Among the lines of the listing below, retype exactly those from the one containing "We conducted user" through the one containing "60 L sekker", both included. Do not include pictures.

• **Available records**
+++
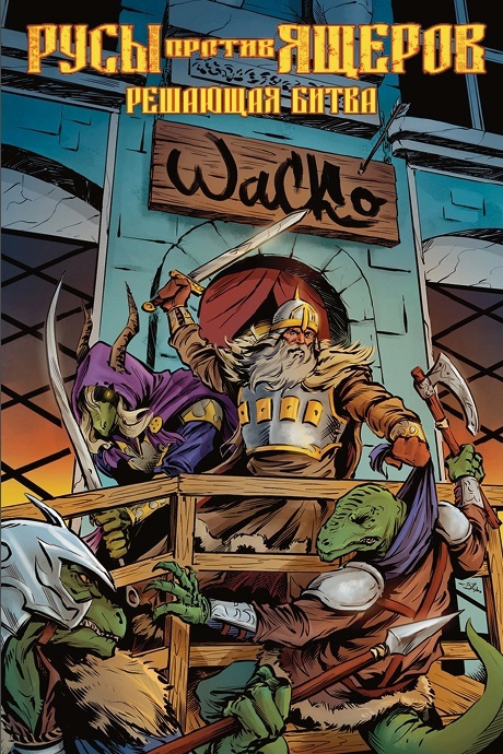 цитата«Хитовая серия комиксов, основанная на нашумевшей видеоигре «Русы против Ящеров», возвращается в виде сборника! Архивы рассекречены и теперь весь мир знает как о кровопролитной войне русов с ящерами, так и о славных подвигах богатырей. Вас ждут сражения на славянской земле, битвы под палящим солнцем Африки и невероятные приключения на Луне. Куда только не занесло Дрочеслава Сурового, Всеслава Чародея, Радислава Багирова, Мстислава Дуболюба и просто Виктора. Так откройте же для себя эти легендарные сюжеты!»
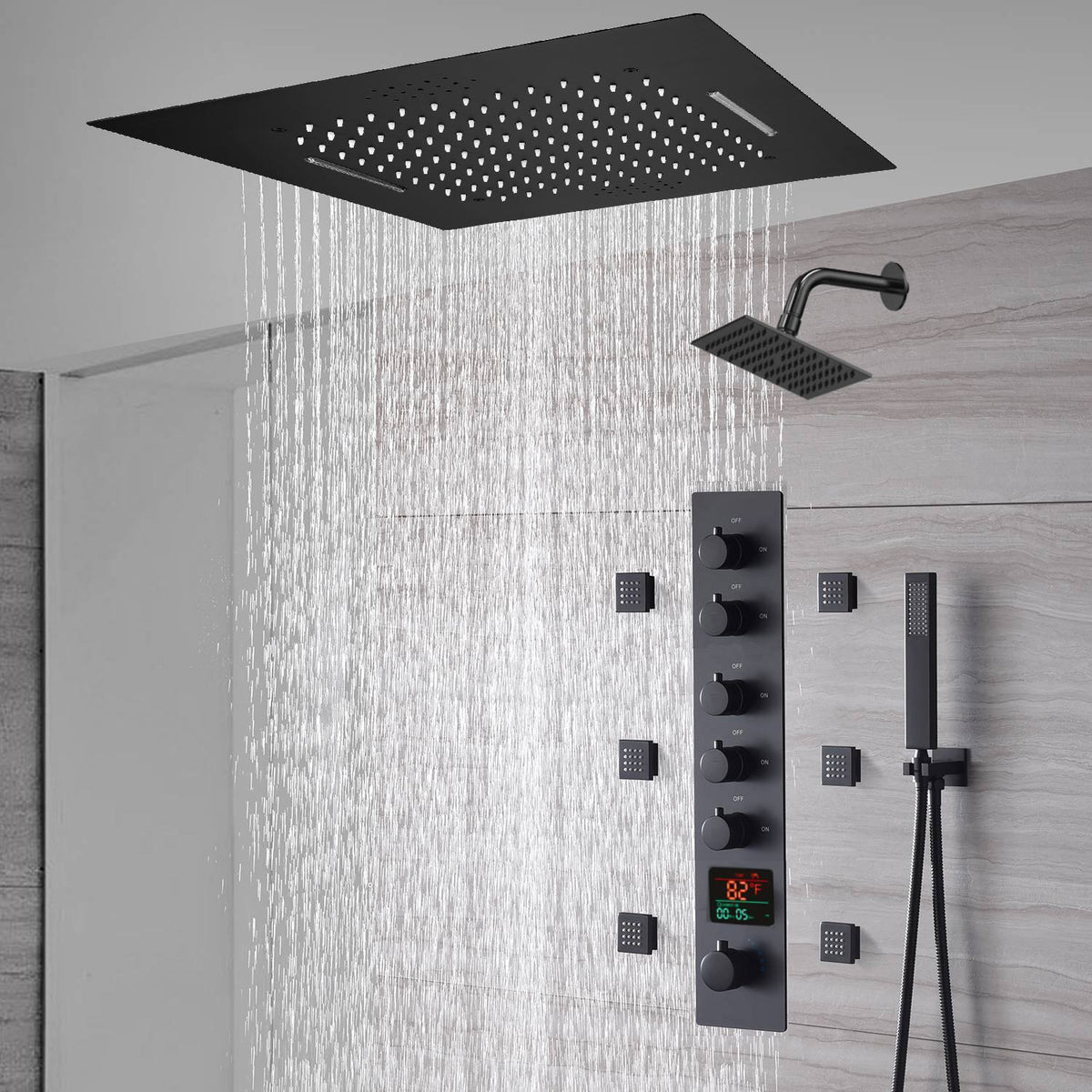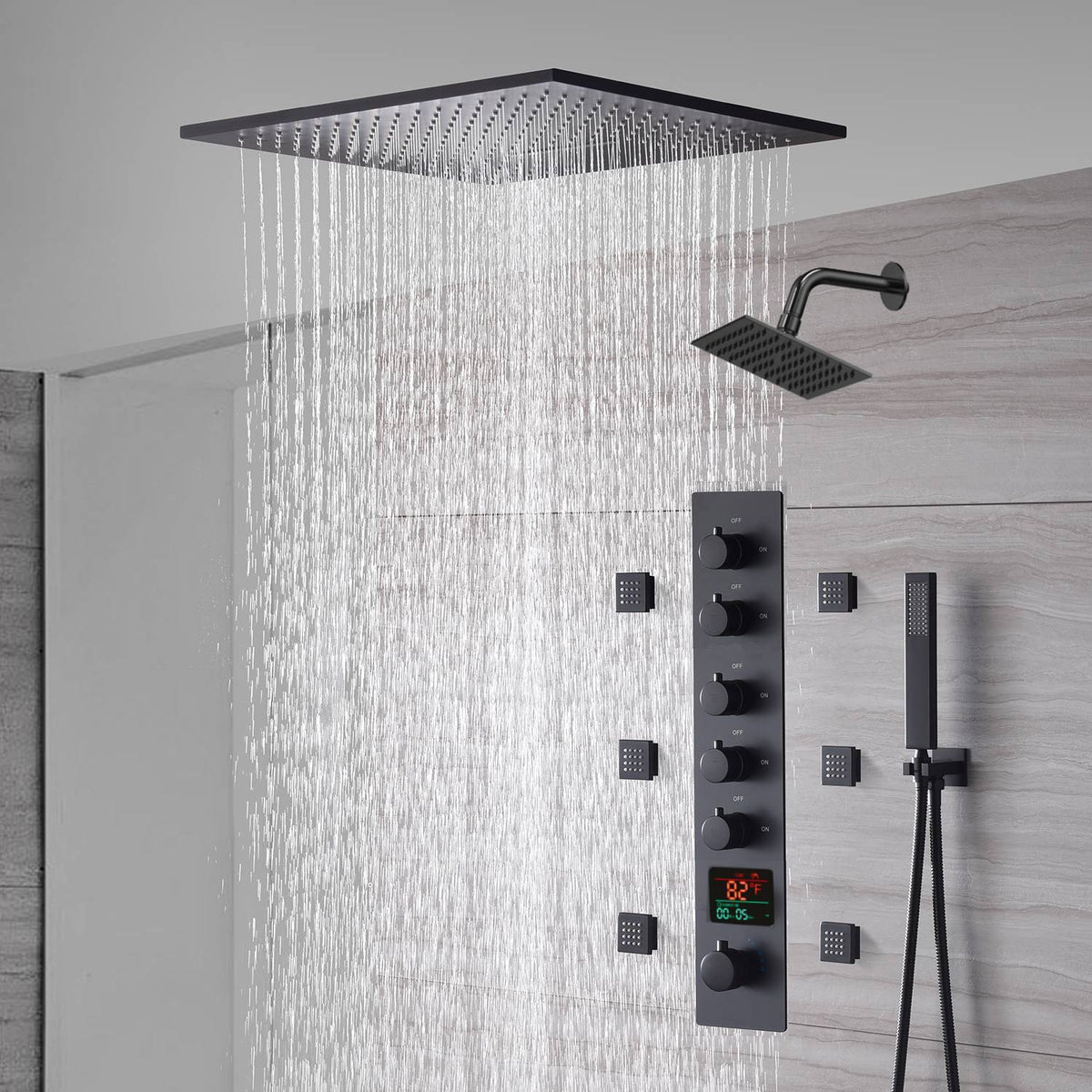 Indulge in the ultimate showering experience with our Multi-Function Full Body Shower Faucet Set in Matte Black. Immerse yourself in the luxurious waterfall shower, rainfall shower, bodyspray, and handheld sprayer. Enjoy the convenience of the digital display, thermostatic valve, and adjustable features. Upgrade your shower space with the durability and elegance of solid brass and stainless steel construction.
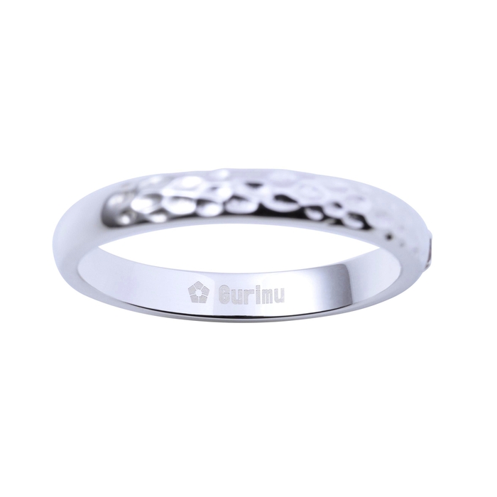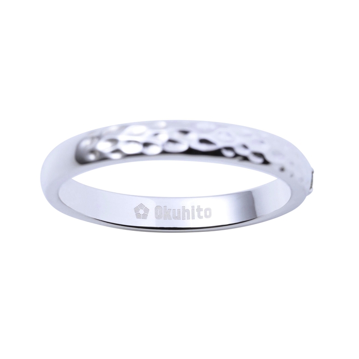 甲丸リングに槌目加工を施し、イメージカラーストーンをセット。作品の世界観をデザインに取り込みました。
+++
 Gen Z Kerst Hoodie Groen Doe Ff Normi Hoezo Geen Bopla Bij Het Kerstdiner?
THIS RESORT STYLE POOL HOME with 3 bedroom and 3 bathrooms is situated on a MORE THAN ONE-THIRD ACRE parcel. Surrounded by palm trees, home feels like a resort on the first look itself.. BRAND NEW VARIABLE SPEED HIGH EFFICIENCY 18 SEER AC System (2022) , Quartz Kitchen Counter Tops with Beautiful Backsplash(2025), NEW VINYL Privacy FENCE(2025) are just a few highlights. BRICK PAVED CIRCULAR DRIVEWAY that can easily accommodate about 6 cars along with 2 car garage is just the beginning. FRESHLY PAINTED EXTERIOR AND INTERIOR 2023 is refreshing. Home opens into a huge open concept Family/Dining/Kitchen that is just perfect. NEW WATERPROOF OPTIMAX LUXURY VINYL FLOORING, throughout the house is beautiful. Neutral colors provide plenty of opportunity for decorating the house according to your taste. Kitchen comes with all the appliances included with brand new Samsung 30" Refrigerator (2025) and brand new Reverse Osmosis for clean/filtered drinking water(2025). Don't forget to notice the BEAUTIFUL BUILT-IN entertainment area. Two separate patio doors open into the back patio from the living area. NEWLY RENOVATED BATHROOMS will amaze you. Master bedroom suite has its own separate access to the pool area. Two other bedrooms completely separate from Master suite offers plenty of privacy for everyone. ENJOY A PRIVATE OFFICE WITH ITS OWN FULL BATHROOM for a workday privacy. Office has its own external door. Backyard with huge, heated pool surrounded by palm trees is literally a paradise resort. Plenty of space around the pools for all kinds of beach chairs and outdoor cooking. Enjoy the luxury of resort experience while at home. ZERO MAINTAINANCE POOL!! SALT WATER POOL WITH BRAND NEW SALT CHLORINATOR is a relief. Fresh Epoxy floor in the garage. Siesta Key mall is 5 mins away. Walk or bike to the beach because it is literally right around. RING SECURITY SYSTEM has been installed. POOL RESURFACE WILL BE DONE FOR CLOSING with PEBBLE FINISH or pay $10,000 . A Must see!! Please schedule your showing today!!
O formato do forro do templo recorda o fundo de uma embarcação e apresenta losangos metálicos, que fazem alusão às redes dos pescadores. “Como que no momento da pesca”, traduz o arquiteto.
+++
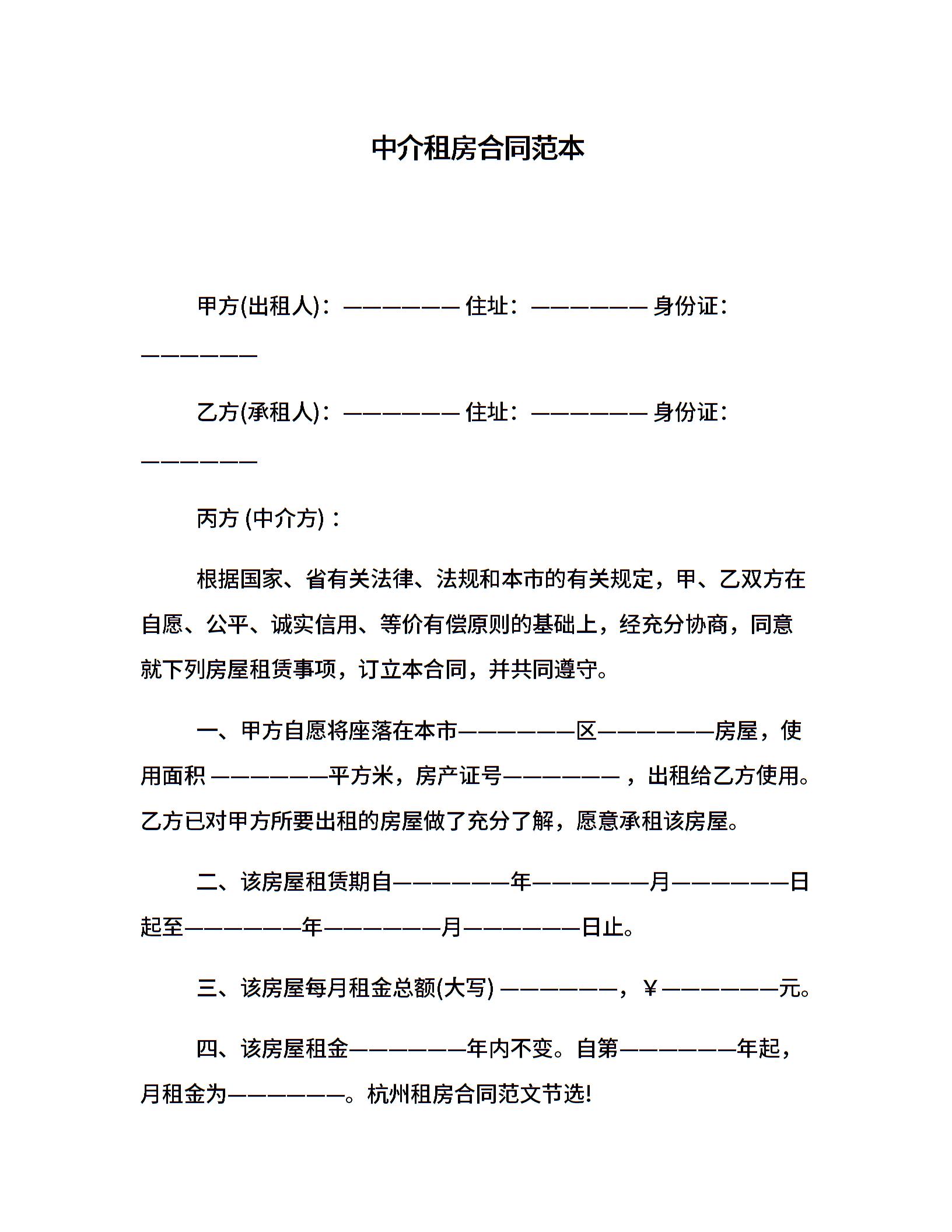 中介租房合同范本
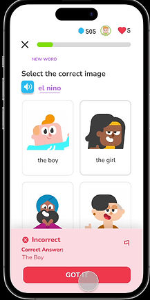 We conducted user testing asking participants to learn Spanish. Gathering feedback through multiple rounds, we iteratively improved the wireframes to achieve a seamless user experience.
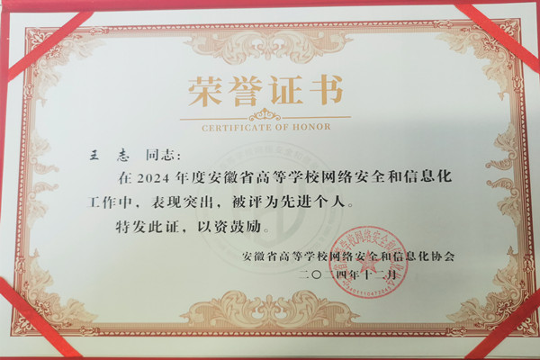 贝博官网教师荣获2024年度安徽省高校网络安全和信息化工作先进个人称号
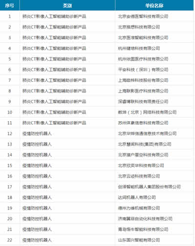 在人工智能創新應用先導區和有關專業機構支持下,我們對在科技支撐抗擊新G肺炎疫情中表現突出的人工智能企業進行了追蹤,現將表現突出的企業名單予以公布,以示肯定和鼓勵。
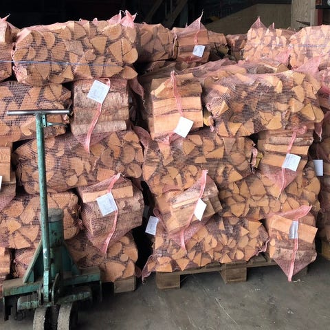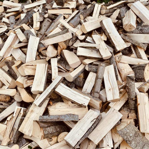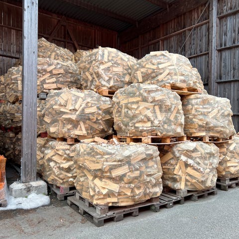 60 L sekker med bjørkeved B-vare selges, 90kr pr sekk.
+++
• **Response box**
 We conducted user testing asking participants to learn Spanish. Gathering feedback through multiple rounds, we iteratively improved the wireframes to achieve a seamless user experience.
 贝博官网教师荣获2024年度安徽省高校网络安全和信息化工作先进个人称号
 在人工智能創新應用先導區和有關專業機構支持下,我們對在科技支撐抗擊新G肺炎疫情中表現突出的人工智能企業進行了追蹤,現將表現突出的企業名單予以公布,以示肯定和鼓勵。
 60 L sekker med bjørkeved B-vare selges, 90kr pr sekk.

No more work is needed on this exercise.